Пели потом все вместе — Фатьянова, Исаковского, Ошанина…
— В соцреализме, особенно в песне, ковыряться еще специалистам и ковыряться, — сказал Карл, — ладно, социальный заказ. Но если совесть есть, а она есть, — я вам такое напишу…
— Естественно, — твердым голосом сказал Ефим Яковлевич, — под давлением увеличивается плотность.
Неожиданное это познание физических законов испугало всех и отрезвило.
— Что это с тобой, Фимочка? — спросил Карл, — спой лучше «Дубэ зелэный».
Магроли нетерпеливо разорвал пачку «Примы», прикурил и стал тянуть страстно, со свистом, будто старался добраться до самой ее сути.

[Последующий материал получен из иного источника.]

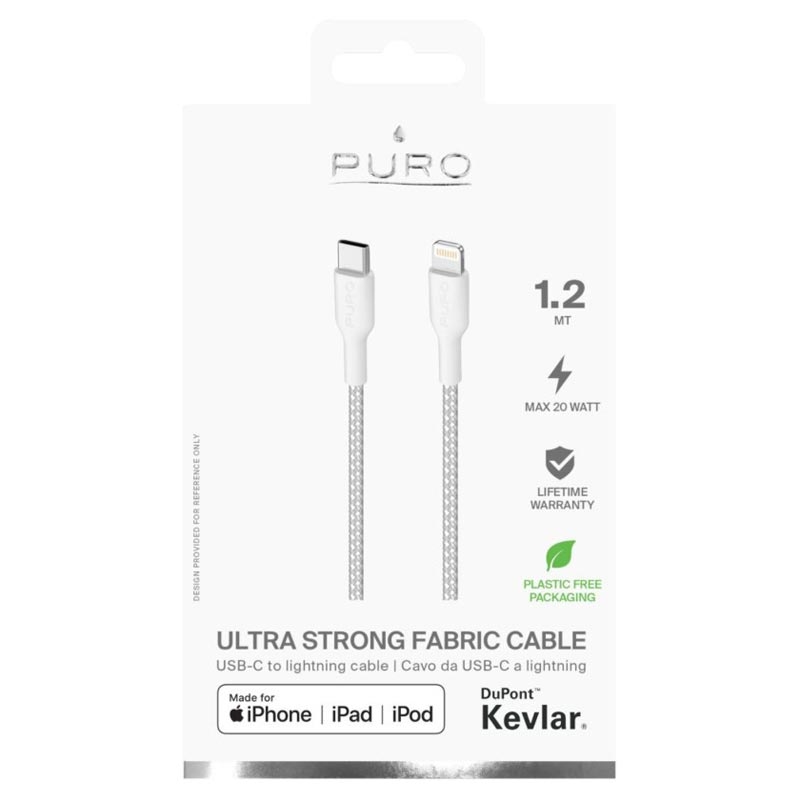Cable USB-C / Lightning ultrarresistente Puro Fabric - 1,2 m, 20 W - Blanco

«Дорогие мои батьки! Очень беспокоюсь за вашу хохляцкую перестройку. Представляю себе, если здесь все наперекосяк, то с вашим самостийным „Рухом“ вы далеко пойдете. Не дай Бог.
Кстати, неловко об этом писать, но когда еще увидимся, — я теперь крещеный, православный христианин Фома-верующий. Так уж получилось.
— Страшно стало за вас, за себя, за всех. Вот молюсь теперь и, кажется, помогает.
В Москве такая чехарда, что описать трудно. До вас дошел „Невозвращенец“ Кабакова? Совершенно гениально. Вот и Карлуша написал стишок… Кстати, он вам кланяется. Его Сашка с женой собираются сваливать в Америку, а Карла еще об этом не знает. Что-то будет…
Лелька с Мишаней живут в Ясенево, тут, где я прописан, рядом с Юрочкой, образовалась луганско-одесская мафия. Карла им понравился, Леля, правда, считает его диковатым. Он обозвал ее любимых обэриутов обер-иудами, за то якобы, что ради красного словца не пожалели Слова.
Винограй разошелся с Эммкой и пьет по-черному. Несчастная Ирочка. У меня на этом фоне, как ни странно, все хорошо. Аж совестно. Я теперь маститый критик и работаю старшим научным сотрудником в НИИ Киноискусства, где директором Лесь Адамович. Неслабо, как говорит гениальный Алеша, я вам о нем писал. Он, правда, ничего сейчас не пишет, рифмы, говорит, кончились.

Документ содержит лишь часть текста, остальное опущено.